Arrêt du 28 juillet 2005
IIe Chambre

MM. les Juges Borella, Président, Schön et Frésard. Greffière : Mme Berset

I 351/04
N.________, recourant, représenté par Christine Bulliard, Forum Santé,
boulevard Helvétique 27, 1207 Genève,

contre

Office cantonal de l'assurance-invalidité, rue de Lyon 97, 1211 Genève 13,
intimé,

et

I 400/04
Office fédéral des assurances sociales, Effingerstrasse 20, 3003 Berne,
recourant,

contre

N.________, intimé, représenté par Christine Bulliard, Forum Santé, boulevard
Helvétique 27, 1207 Genève

Tribunal cantonal des assurances sociales, Genève

(Jugement du 25 mai 2004)

Faits:

A.
A.a N.________, né le 21 juin 1945, de nationalité brésilienne, est arrivé en
Suisse avec le statut de réfugié politique le 5 novembre 1973. Souffrant de
schizophrénie, il a déposé le 8 janvier 1996 une demande de prestations de
l'assurance-invalidité. Par décision du 3 décembre 1996, l'Office cantonal
genevois de l'assurance invalidité (ci-après : OCAI) a rejeté cette demande
au motif que les conditions d'assurance n'étaient pas réalisées, dès lors que
l'invalidité était survenue en 1966, soit à une date antérieure à l'arrivée
du requérant en Suisse. Par jugement du 12 octobre 2000, la Commission
cantonale de recours AVS/AI (ci-après : commission de recours) a rejeté le
recours formé contre cette décision par l'intéressé.

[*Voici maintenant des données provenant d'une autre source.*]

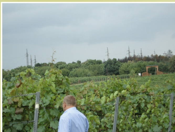
Doświadczalna plantacja w Instytucie Wina w Egerze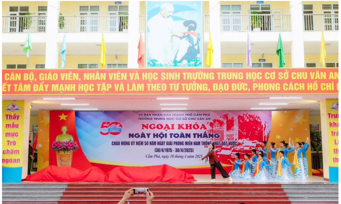
Hoạt cảnh “Kháng chiến thắng lợi – Bắc Nam sum họp” do học sinh khối 9 thể hiện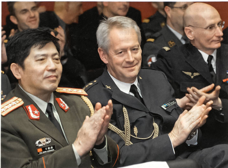
Ausländische Verteidigungsattachés als interessierte Zuhörer.

Als weiteres Mittel zur militärischen Zusammenarbeit hat die Schweiz seit Jah-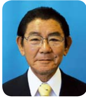
喜界町長 加藤啓雄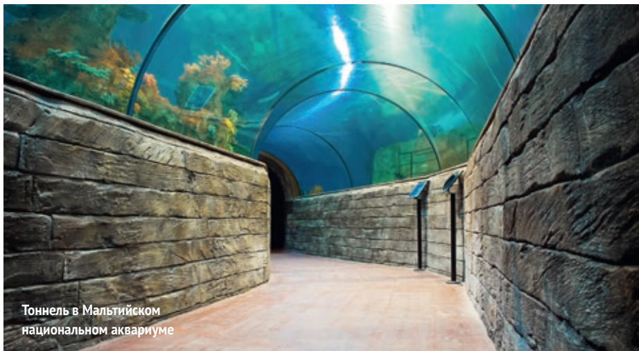
Тоннель в Мальтийском национальном аквариуме

Mediterraneo Marine Park расположен стена в стену с парком Splash & Fun. Это отличное место, где можно увидеть морских животных и пообщаться с ними. Здесь ежедневно устраиваются шоу с участием дельфинов. Гости могут поплавать с ними в бассейне и познакомиться с асами дрессировки. В представ-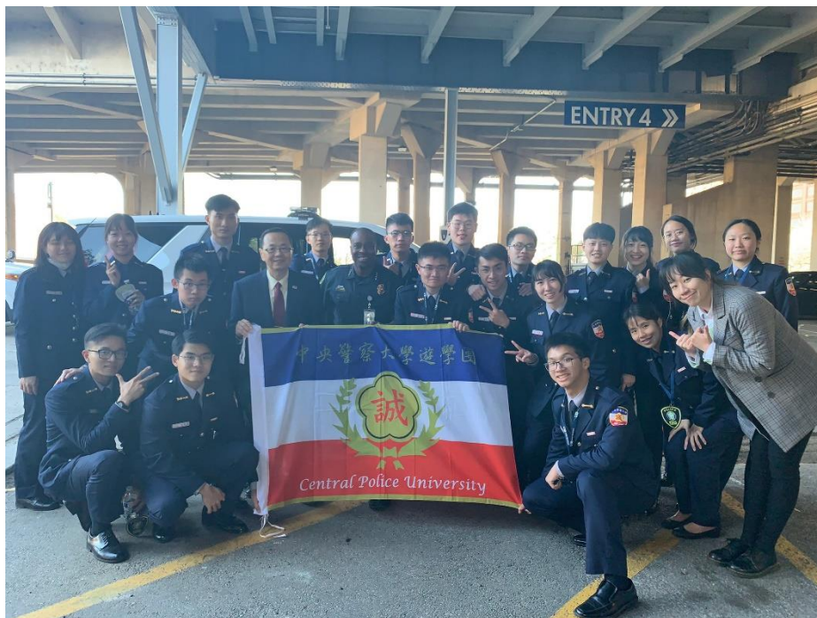
圖 6 參訪 UHD 校警局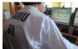
SAMU-Centre 15 territorialement compétent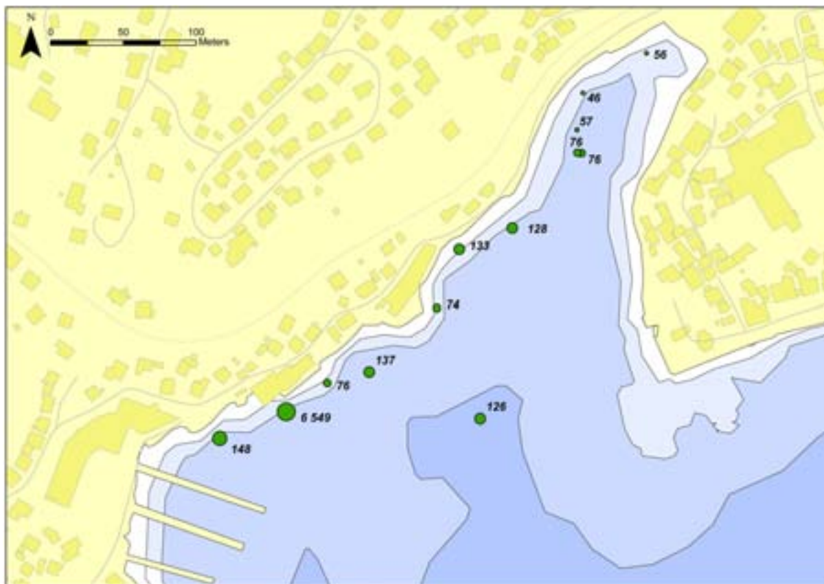
Figur 6. Økologisk risiko for de enkelte stasjoner i henhold til Trinn 2. Tallet angir antall ganger konsentrasjonene overskrider grenseverdien for skade på økosystemet summert over alle de analyserte stoffene. Størrelsen på punktet illustrerer størrelsen på risikobidraget fra denne stasjonen.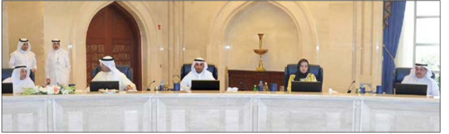
الشيخ خالد الجراح وأنس الصالح ود. نايف الحجرف ونكري الرشيد وعيسى الكندري خلال اجتماع مجلس الوزراء

وتحديد تبعيتها وتنظيم أعمالها ومواردها والذي تم إعداده بالتعاون مع خبراء فنيين من صندوق النقد الدولي في نطاق المساعدة الفنية المقدمة للكويت، وذلك تماشياً مع المعايير الدولية ذات العلاقة وقد قرر المجلس الموافقة على مشروع القرار بشأن إنشاء وحدة التحريات المالية الكويتية.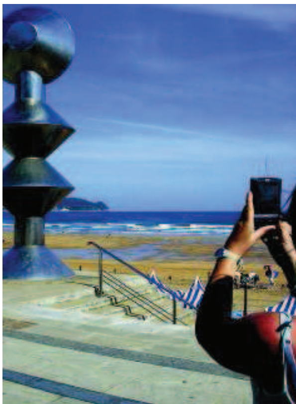
Foto 9. Desarrollo del programa educativo De las esculturas de calle al museo .

Paralelamente a estos 3 itinerarios, Berril@b diseñó un mapa cartográfico de Zarautz denominado Zarautz en tus manos 3 , en el que se destacan y se da información sobre los lugares más emblemáticos del patrimonio de la Villa y alrededores. Este mapa está diseñado para poder usarlo vía on-line o mediante la versión descargable para soportes móviles, lo cual permitiría utilizarlo sobre el propio terreno. La idea es que, mediante la señalización en el mapa de los puntos más destacados y la información que se aporta sobre los mismos, el usuario pueda crear una visita del territorio “a la carta”.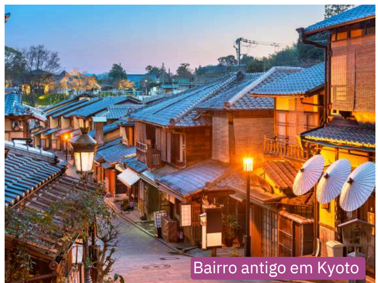
Bairro antigo em Kyoto

Por fim visitaremos o Dotonbori & Shinsaibashi, uma área vibrante e iluminada por letreiros de néon, famosa pela vida noturna, restaurantes e o icônico letreiro do corredor Glico. Shinsaibashi é o principal distrito de compras de Osaka, com a rua coberta Shinsaibashi-suji repleta de lojas, boutiques e marcas internacionais. Retorno ao Hotel. Pernoite em Osaka.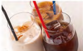
01 予約特典で自家製デザート人数分サービス。 02 予約特典でカフェメニューも飲み放題に!

ビーク女子会コースご予約時「ビーク見た!」で デザートサービス&飲み放題120分が150分に! カフェメニューも飲み放題に! 期間: 2/28(金)~3/31(月)まで。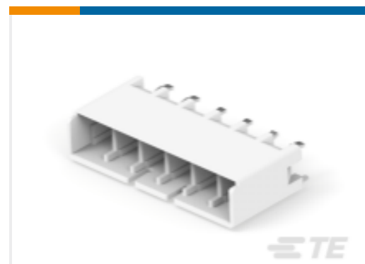
TE 产品编号6-1376385-1 B-T-W CONN. 6P HDR ASSEMBL- WITHOUT PIN2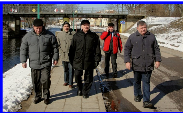
Marszobieg po zebraniu ?!.. do „Szarej czapli”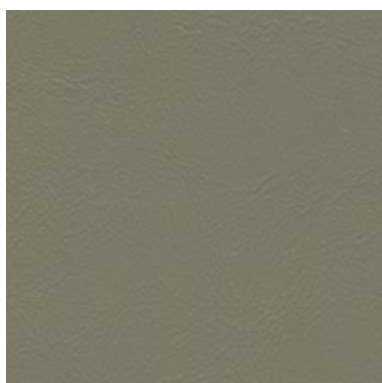
Sea Skin Mineral 1825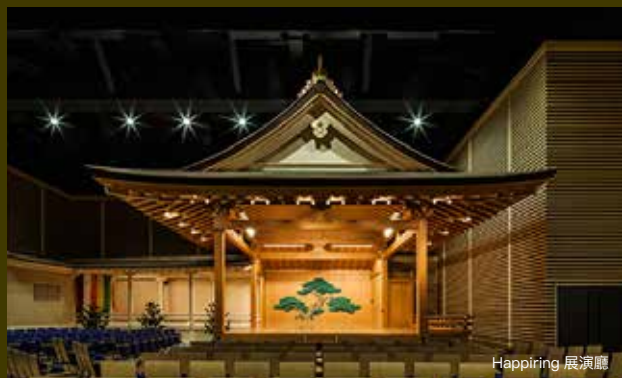
可善用能舞台，舉辦獨一無二的 MICE !

A.b Le 11 mars 2002, N.________ a déposé une nouvelle demande de prestations
tendant à l'octroi d'une rente. Par décision du 31 octobre 2002, l'OCAI a
derechef rejeté la demande. Il a considéré que l'invalidité de l'intéressé
était fondée sur les mêmes troubles psychiques que la demande du 8 janvier
1996 et que la survenance de ces affections remontait à une période
antérieure à l'entrée de celui-ci sur le territoire helvétique.

B.
Par lettre du 26 novembre 2002 adressée à l'OCAI, N.________ a contesté cette
décision. Le 22 janvier 2003, l'OCAI a transmis ce recours à la commission de
recours comme objet de sa compétence.

En cours de procédure, l'intéressé a produit un rapport du 8 mai 2003 du
docteur B.________, spécialiste en rhumatologie, dont il ressort qu'il
présente une incapacité de travail totale en raison d'une fibromyalgie. Par
jugement du 25 mai 2004, le Tribunal cantonal des assurances du canton de
Genève, devenu entre-temps compétent, a admis le recours, en ce sens qu'il a
octroyé à l'intéressé une rente entière d'invalidité.

C.
Par actes séparés, l'Office fédéral des assurances sociales (OFAS) et
N.________ interjettent recours de droit administratif contre ce jugement.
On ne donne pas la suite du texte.